In his mean-spirited review (MIT Tech Rev May 2005, p.81) of Michael Crichton's best-selling eco-thriller State of Fear, Joseph Romm betrays not only his ignorance of climate science but also his bias. He had served as a political appointee in the Clinton-Gore Administration. It shows.

He ascribes the cooling of the global climate from 1940 to 1975 (a great embarrassment for global warming promoters) to aerosols from fossil fuel burning. This ad-hoc explanation, proposed by those who wanted to preserve fear of greenhouse warming, is no longer believed by them.

Romm, of course, ignores the absence of any significant warming of the atmosphere in the past quarter century, as documented by weather satellite data and by independent observations from weather balloons. He really should take the trouble to examine the literature references in Crichton's book.

It is telling that he buys into the myth that there is a "consensus" about the science backing catastrophic global warming. This myth has been given some credence by Naomi Oreskes (Science Dec 3, 2004). Based on her "analysis" of 934 abstracts, she claims there is not a single one that doubts the GW story. Anyone can falsify her conclusion by examining the same public database. The real scandal is not so much Oreskes' biased analysis but that, so far, Science has refused to publish such a correction.

A recent international survey among some 500 climatologists found that "a quarter of respondents still question whether human activity is responsible for the most recent climatic changes." (Der Spiegel, 24 January 2005;,1518,342376,00.html). After the Russian Academy of Sciences issued its report in May 2004, President Vladimir Putin has termed Kyoto "scientifically flawed." Even Tony Blair has emphasized the ongoing scientific debates among climate scientists: "So it would be true to say the evidence [on anthropogenic global warming] is still disputed" (Davos Speech, 26 January 2005;

So much for "consensus."
S Fred Singer is professor emeritus of Environmental Sciences at the University of Virginia and former director of the US Weather Satellite Service.

9. Another Book Reveals The Fallacies Of Environmentalism

Mihkel Mathiesen's book, "Global Warming in a Politically Correct Climate: How Truth Became Controversial," is an indictment of the lies and politics that fuel global warming hysteria and other environmental non-disasters.

Mathiesen describes the sequence of events that shape environmental policy:

o An environmental group or government agency puts out a press release about a looming catastrophe.

o The media reports on the issue using conditional statements making people believe an environmental problem is severe and immediate.

o The pressure to do something about it prompts enactment of legislation -- even before scientific studies are completed and facts are available.

Moreover, Mathiesen exposes the environmental falsehoods that have cost society dearly in terms of money and lives:

o The ban on the pesticide DDT in 1972 was based on dubious "scientific" evidence, despite its being an effective weapon against malaria; the disease has now claimed 15 million deaths worldwide.

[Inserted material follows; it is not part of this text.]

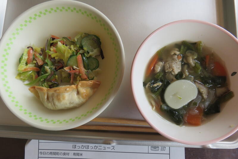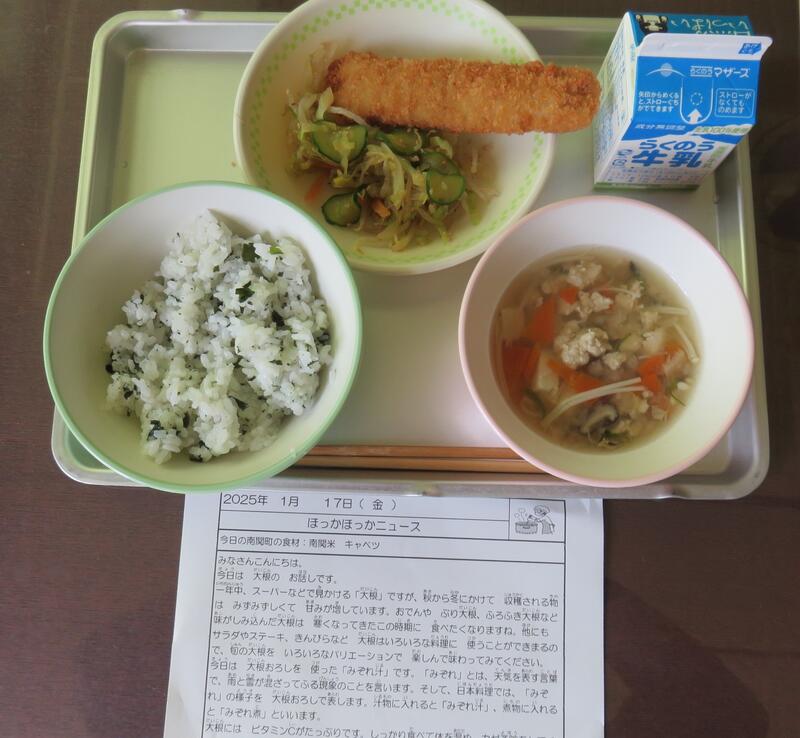 今日の献立は「麦ごはんを使ったセルフおにぎり、すいとん、メバルの塩こうじ焼き、はりはり漬け和え、牛乳」です。

o The purported acid rain scare has been debunked by a report concluding that the United States does not have a significant acid rain problem; however, utility companies in the Midwest still had to spend $140 billion on equipment changes.

Furthermore, with regard to global warming, the practice of sampling air bubbles in 400,000-year old ice cores to determine CO2 is not reliable, because it is based on the assumption that the air has remained inert and stable for that time period, says Mathiesen.